I’ve been reading this little girl's Carepage and sending good vibes from a long time now. I don’t know her or her family, but they have dealt with so much that I’m amazed by her mother’s spirit.

I thought that maybe we can contribute to a good cause while surprising this little girl. I think of how happy she’ll be when a ton of Mickey’s closest friends leave ornaments in her tree and special messages.

Her lunch for life tree code is 19521 at http://www.lunchforlife.org/

Her carepage is mollycavera at www.carepages.com

 

[hentob]

Good idea!~

Last year, there was a mom who was a memeber of the DIS boards and her son had cancer I loved seeing his "tree" fill up with balls!

I forget who it was, but I would LOVE an update. Hope all is well with that little guy

But for today, I hope to fill up Molly's tree!

What a dreadful disease. I hate it

 

[bubie2.5]

Thanks Hentob!

 

[hentob]

This was the little guy....

http://www.disboards.com/showthread.php?t=967048&referrerid=&highlight=+Neuroblastoma

But now I am unsure if his mom was a member of the DIS or not? Maybe I am confused? Regardless--It seems that this little boy is in remission!!! How AWESOME is that!

Come on Molly! You can beat this too!!

 

[hentob]

Bumping!

 

[zalansky]

I donated my lunch for tomorrow! Thanks for posting, and also I used your referral code. What a beautiful little girl.

Come on DIS-er's! Let's fill up her tree!

 

[hentob]

I donated my lunch for tomorrow! Thanks for posting, and also I used your referral code. What a beautiful little girl.

Come on DIS-er's! Let's fill up her tree!

 

[Blueeyes101817]

Good idea!~

Last year, there was a mom who was a memeber of the DIS boards and her son had cancer I loved seeing his "tree" fill up with balls!

I forget who it was, but I would LOVE an update. Hope all is well with that little guy

But for today, I hope to fill up Molly's tree!

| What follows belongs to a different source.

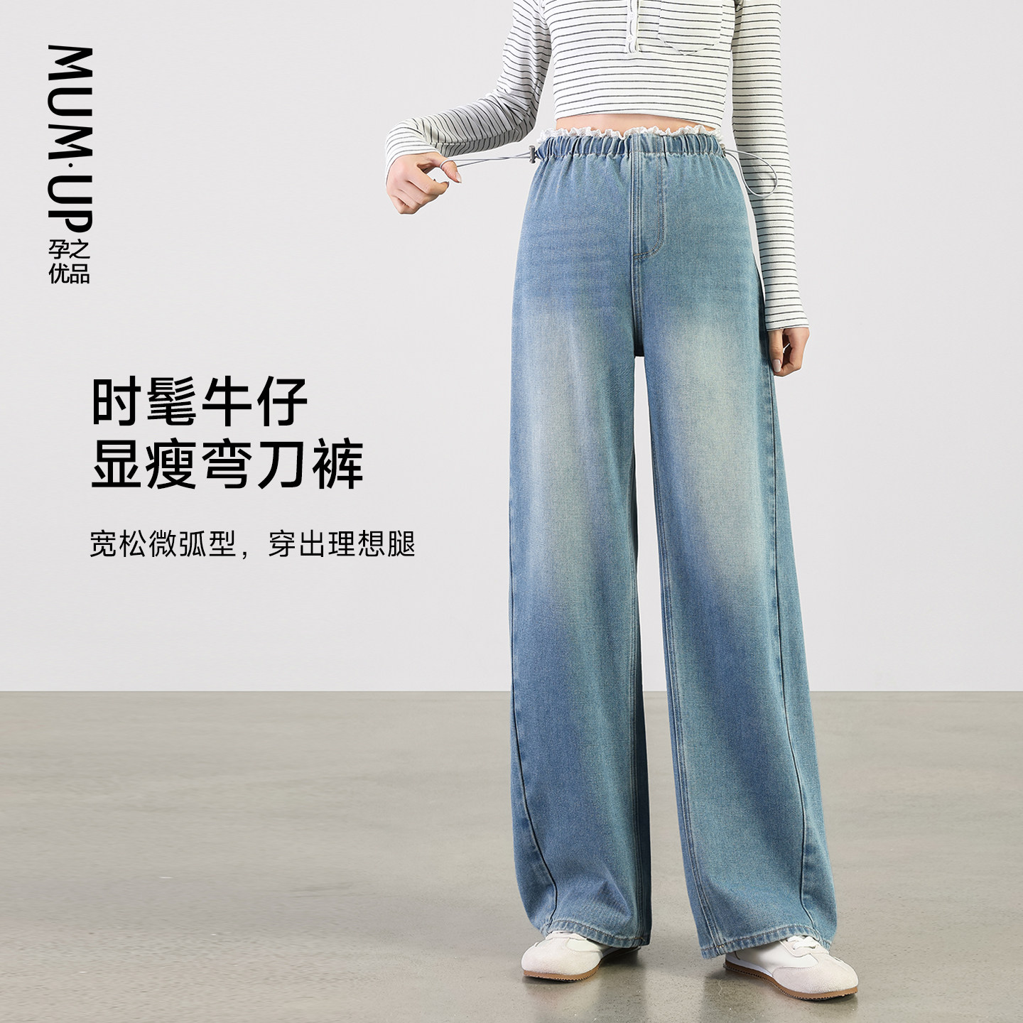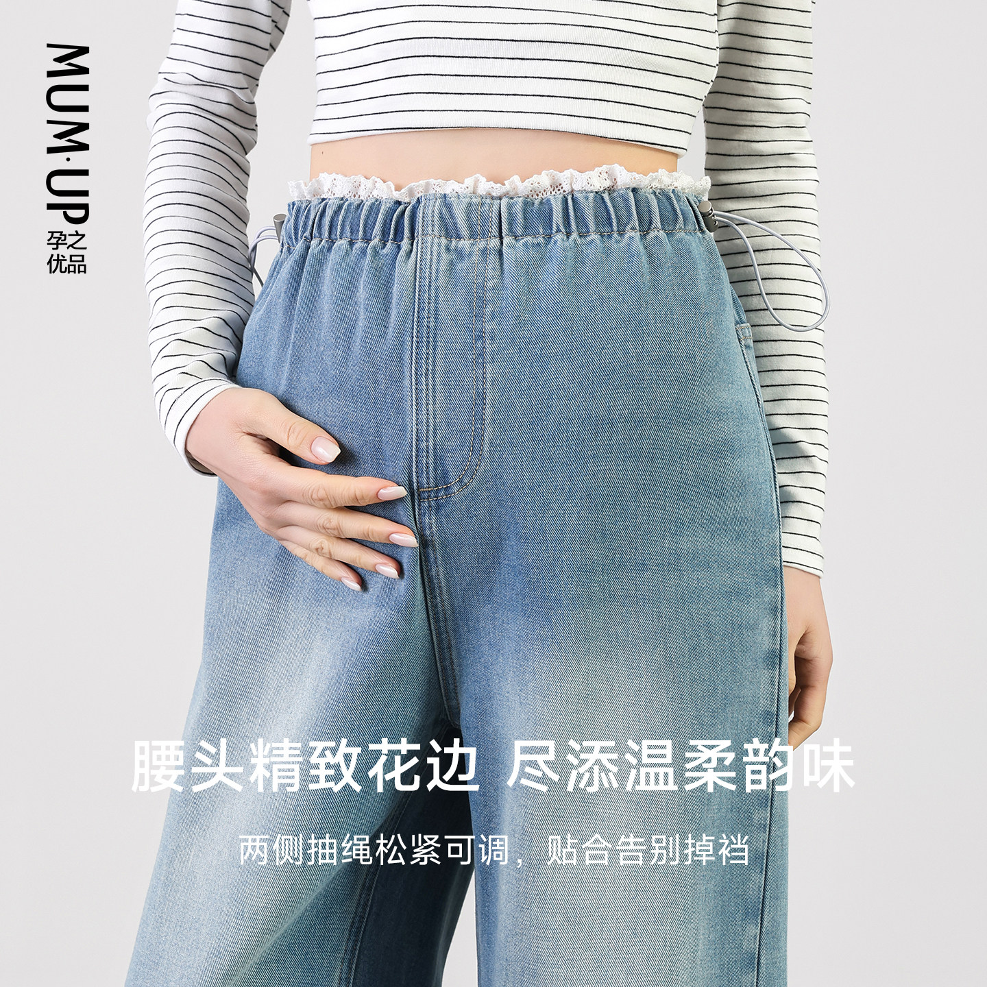 天猫【新品】孕妇花边牛仔裤2026春季新款无托腹不勒肚孕妇弯刀阔腿裤

What a dreadful disease. I hate it

i remember donating to that last year too!

 

[bubie2.5]

 

[zalansky]

 

[bubie2.5]

Sad news today
Please help, before is too late.

 

[bubie2.5]

Guess no one cares.

 

[JennyMominRI]

Guess no one cares.

I'm not ignoring it,I just can't seem to find the updates

 

[JennyMominRI]

Never mind,I figured it out

 

[bubie2.5]

"When to say when....
We seemed to have reached that point yesterday. I still am not comfortable with it but will any parent ever be. Our clinic visit yesterday was likely to be our last. Molly's counts were low once again after Monday's 2 infus. She's had 2 days of neupogen but her white count still was min. After thoughtful discussion with our oncol. we decided not to give her any blood product. Molly wanted to not stay for clinic & Dr. Mitchell told her she could come check on her at home. We'd talked to hospice early care the other day and this morning we unfort. signed on for routine care with the nurse. We want what is best for Molly, not us. Dr. Mitchell thinks her next struggle will likely be an infection with her counts so low. She knows from exper. the pain issues this disease can cause & sometimes a secondary problem is a less painful way to go. We've thought of this too but nothing seems right. It's likely her marrow is packed with NB, along with the few bone sites and eye/forehead area. She still has not complained of pain but is def. quiet and not herself. Her appetite has gone but occas. she still wants to eat. Last night she had 2 dinner cravings but then didn't touch them. Later she ate a whole bowl of popcorn, one of her Easy bake cookies, some brownie bits and orange sherbet all while watching a movie. Today she wanted to go out to Toy's R Us to use a gift card she'd received from Dad's work (she designed their holiday card this year). She is now napping.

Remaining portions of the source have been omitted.